The three-tier dedup strategy is not over-engineering — it's cost-aware architecture. Hash lookup is near-free; key lookup requires an index but is still O(1); embedding-based semantic comparison is expensive (one model inference call per write). The gates are ordered so the expensive operation only runs when the cheaper ones fail. In production, roughly 70% of writes hit the key-lookup gate, 25% hit the hash gate, and only 5% reach the embedding comparison — making the system cost-effective at scale.

📌 L2 Design Principle: Write decisions are security decisions. Every fact persisted to L2 becomes part of the agent's "world model." A wrong fact at confidence 1.0 will distort agent behavior until evicted. Gate writes aggressively — it's cheaper to re-derive a fact from a task than to unlearn a confidently-stored falsehood.

For the audit trail design that records every memory state transition (write, update, supersede, evict), see Agent Audit Log Design — every memory mutation should produce an immutable audit event.

5. Retrieval Boundary Design — Push, Pull, and Hybrid Triggers

A memory system stores data, but the retrieval strategy determines whether the agent sees the right information at the right time. Retrieve too little — the agent lacks critical context and makes poor decisions. Retrieve too much — the context window floods with irrelevant information, diluting attention. The goal of retrieval boundary design is to find the correct trigger point between "too little" and "too much."

Three Retrieval Trigger Patterns

Retrieval isn't simply "search once per conversation." Depending on the trigger timing, it breaks down into three patterns:

Pattern	Trigger Timing	Who Decides	Best For
Push (Proactive)	At task start, before the first LLM call	System (predefined rules)	User preferences, task templates, critical constraints — "should see every time"
Pull (Reactive)	Mid-task, agent calls a retrieval tool	LLM (autonomous decision)	Specific fact queries — "how was the last deploy's config?"
Hybrid	Push at start + Pull on demand + periodic refresh	System + LLM collaboration	Production agents — stable baseline plus flexible query capability

Push: Proactive Injection — "Here's what you'll need"

Push happens before the task begins. The MemoryManager scans L1/L2 for memories relevant to the current task context, injects the most relevant N items into L0 working memory, and only then issues the first LLM call.
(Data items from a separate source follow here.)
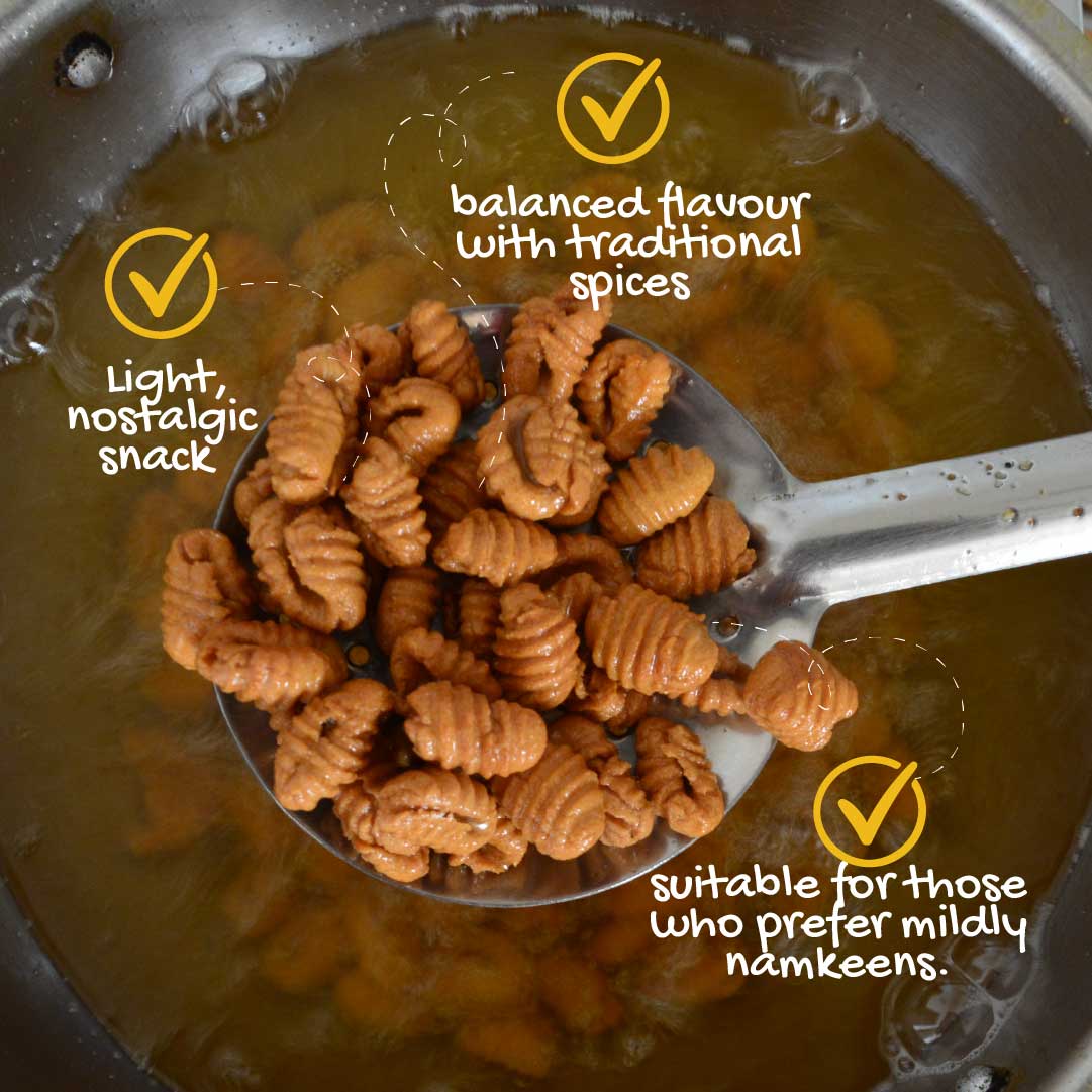 Light, nostalgic snack, balanced flavour with traditional spices; suitable for those who prefer mildly namkeens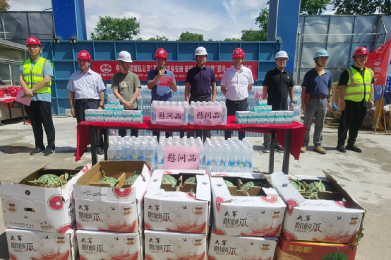 活動中,與會領導為一線作業人員送去了西瓜、鹽汽水等清涼物資和藿香正氣水、人丹等防暑藥品,叮囑大家清淡飲食、合理作息、注意身體健康。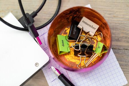 Background with cup of coffee and blurred binocular, pencil, marine sextant lying down on navigational chart.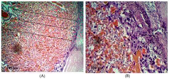 It should be noted that, in the microsections in the anchoring and terminal villi, the phenomena of angiomatosis, as well as sclerosis of their own blood vessels and the stroma of the villi were observed. The consequence of this process is a violation of histoarchitectonics and expansion of the interstitial space. In addition, in some villi, vascular thrombosis was detected, and in some villi, hemorrhages were localized both in the stroma and in the interstitial space. Deposits of fibrin filaments and elements of desquamated chorial epithelium were observed between the villi. The absence (or in a few cases) of syncytial capillary membranes and syncytial knots should be noted. This reaction is compensatory and adaptive in nature, aimed at eliminating violations and resuscitation the volume of microcirculation. It should be noted that, in the giant cell trophoblast, namely, in the visualized decidual membrane of the maternal placenta, inflammatory and dystrophic changes are pronounced. Optically empty decidual cells are determined against the background of cells with absolutely integrity structures (Figure 8A). The structure of the morphological elements is broken. Extensive focal fields of necrosis and fibrin deposits are in the field of view (Figure 8B). There is a pronounced deformation of decidual cells.

Push's key constraint is its budget:

Token budget: The total token volume of Push-injected memories must not exceed a preset limit (e.g., 2000 tokens). The L0 context window is a shared resource — the more Push occupies, the less room remains for tool call results and conversation history.
Item budget: At most M entries (e.g., M=5). Not "stuff in everything you find" — but "only the top M most relevant."
Relevance threshold: Only memories with similarity > 0.8 enter the Push candidate pool. Memories below this threshold stay in L2, available for Pull-on-demand later.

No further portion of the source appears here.